Bajram Kosumi (born 20 March 1960, in Kosova, Kamenica , is 
a Kosovar politician who served as the third prime minister of Kosovo for nearly one year.  He was nominated by Kosovan President Ibrahim Rugova and elected Prime Minister by the Kosovo Parliament on 23 March 2005 following his predecessor Ramush Haradinaj's . Kosumi resigned on 1 March 2006 amid widespread unpopularity and was replaced by former general leader Agim Çeku.  He also served as the deputy chairman of the Alliance for the Future of Kosovo.

Family and life
He is married and has four children. He lives in Pristina and Kamenica.

Education
He graduated in Philology and has a Master's Degree in Albanian Literature from the University of Pristina. In 2008 he became a Doctor of Philology

Past and present activities and functions
Kosumi is a veteran figure on Kosovo's political scene. He was a student activist and in March 1981 was sentenced to 15 years in jail for taking part in demonstrations against the government. He served almost ten years of his sentence before being released in 1991.

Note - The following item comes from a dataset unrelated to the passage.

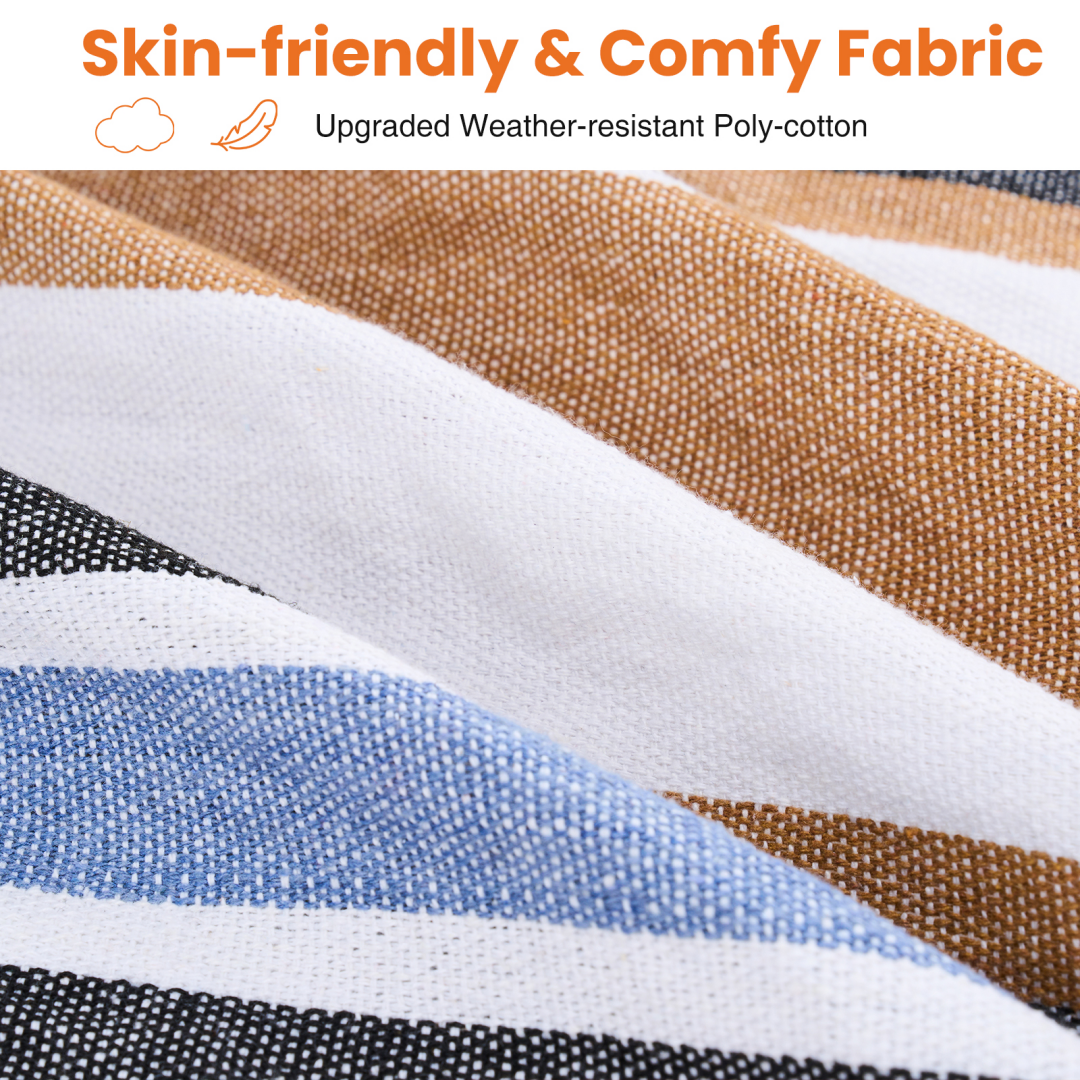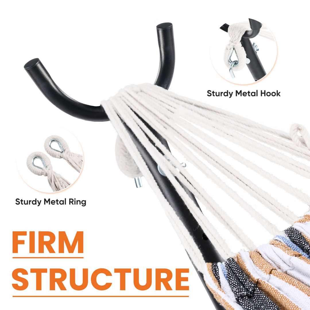 • 【Spacious & Strong for Two】Made with a durable steel frame and sturdy polyester-cotton fabric, this double hammock supports up to 450lbs—perfect for relaxing with a partner or stretching out solo.

From 1991 until 1993 he worked as a journalist.

In 1993, Kosumi became president of the Parliamentary Party of Kosovo. He is a quiet, cerebral politician, who took part in the Rambouillet talks in early 1999, prior to the Kosovo War. Kosumi was a supporter of the Kosovo Liberation Army (KLA) insurgency, but he did not take up arms or wear the uniform. He did serve as minister of information in the provisional government of Kosovo.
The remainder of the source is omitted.